## EXERCISE INSTRUCTIONS
Your answer should hold only the lines from the one containing "原鐵道部部長傅志寰視察內(n" through the last line below, copied exactly; pictures stay out.

## DATASET CONTENT

---+---

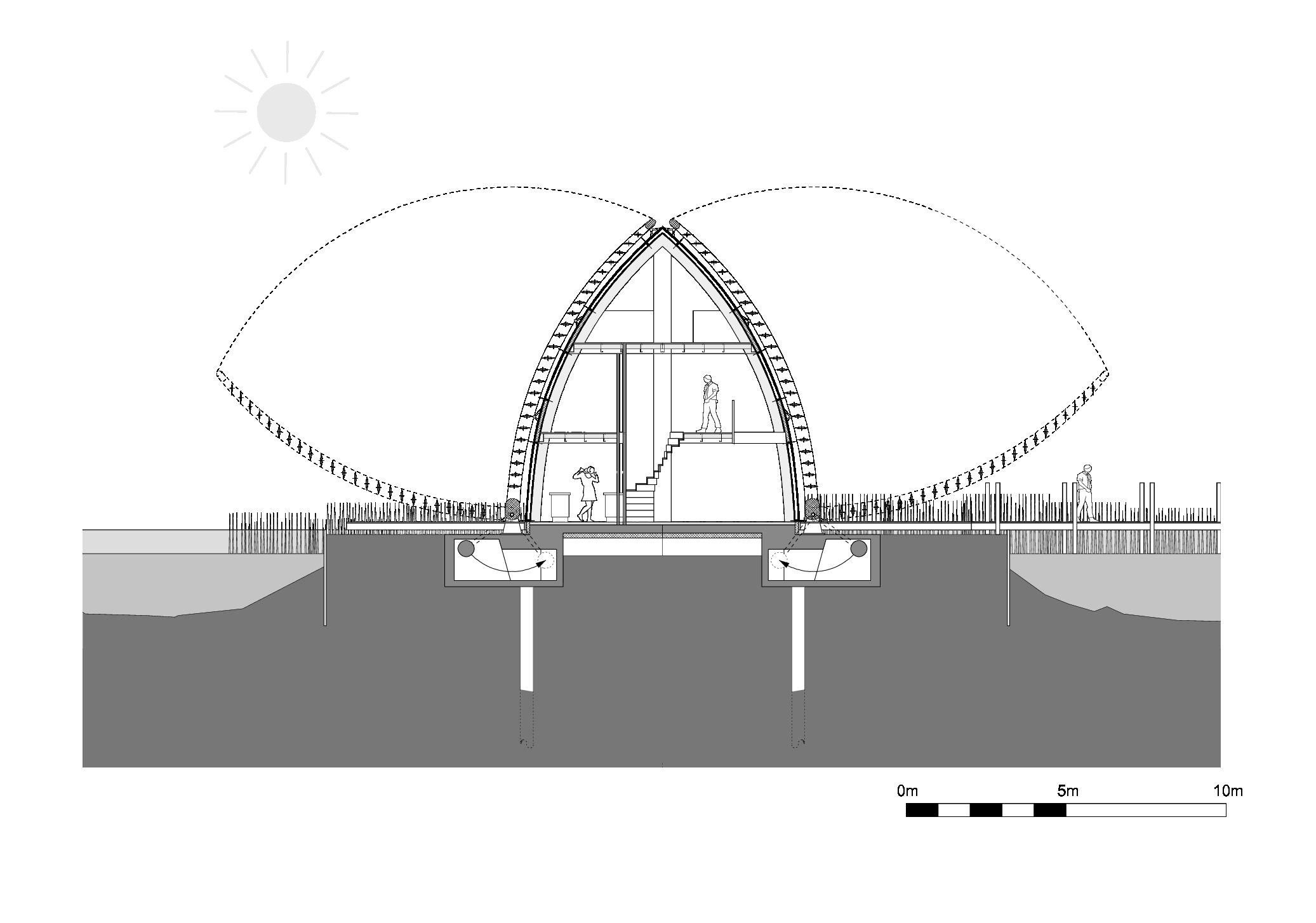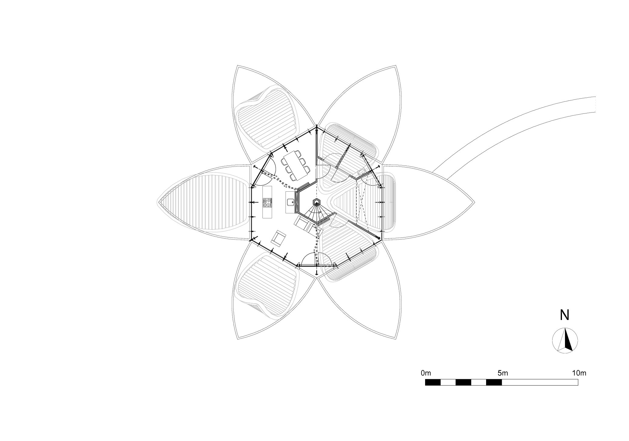 De natuurlijke elementen spelen een hoofdrol in de energie-opwekking, koeling en verwarming van de woningen, maar ook hergebruik door middel van natuurlijke zuivering. Dit verklaart de samenwerking met Ekwadraat en Wetsus, die verregaande kennis hebben op dit gebied. De hoofdvorm van de woning is geïnspireerd op de natuur. Omdat water een hoofdrol speelt bij een duurzame woning ligt het voor de hand om drijvende woningen te maken. De lotus heeft niet alleen een symbolische betekenis van reinheid en schoonheid in China, maar heeft ook een zuiverende werking op water. De hoofdvorm is gebaseerd op de lotus met een kelk als hart van de woning en daaromheen bladeren die niet alleen een beschermende functie hebben, maar de natuurlijke energiebronnen toelaten waar deze gewenst zijn. Zo zijn er beweegbare delen die de zon sturen, en vaste bladeren die als waterfilters dienen of groei van allerlei planten mogelijk maken en zo een zuiverende werking hebben. De woning is zo ontworpen dat het in de hete Chinese zomer in zijn eigen schaduw staat, tegelijk zon opvangt en warmte vasthoudt in de nacht door de bladeren weer te sluiten.
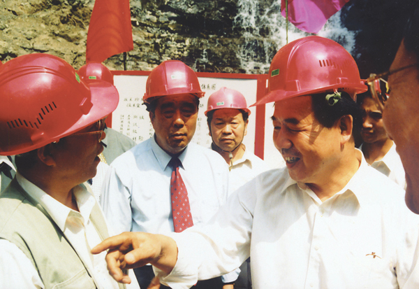 原鐵道部部長傅志寰視察內(nèi)昆鐵路時(shí)同公司監(jiān)理人員親切交談
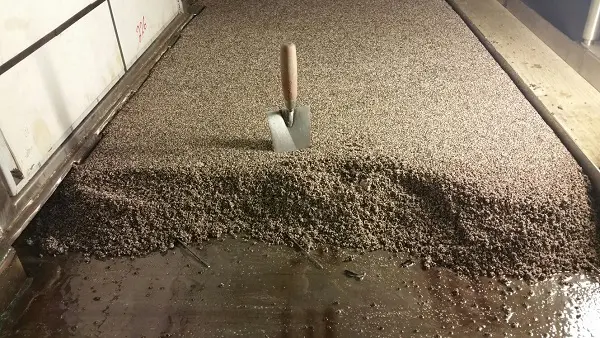 Epox-Torginol CS -epoksimassalattia (värjätyn tai luonnonhiekan ja värittömän epoksihartsin seos, paksuus 3-4 mm)

---+---

## THE COMPLETED TASK
 原鐵道部部長傅志寰視察內(nèi)昆鐵路時(shí)同公司監(jiān)理人員親切交談
 Epox-Torginol CS -epoksimassalattia (värjätyn tai luonnonhiekan ja värittömän epoksihartsin seos, paksuus 3-4 mm)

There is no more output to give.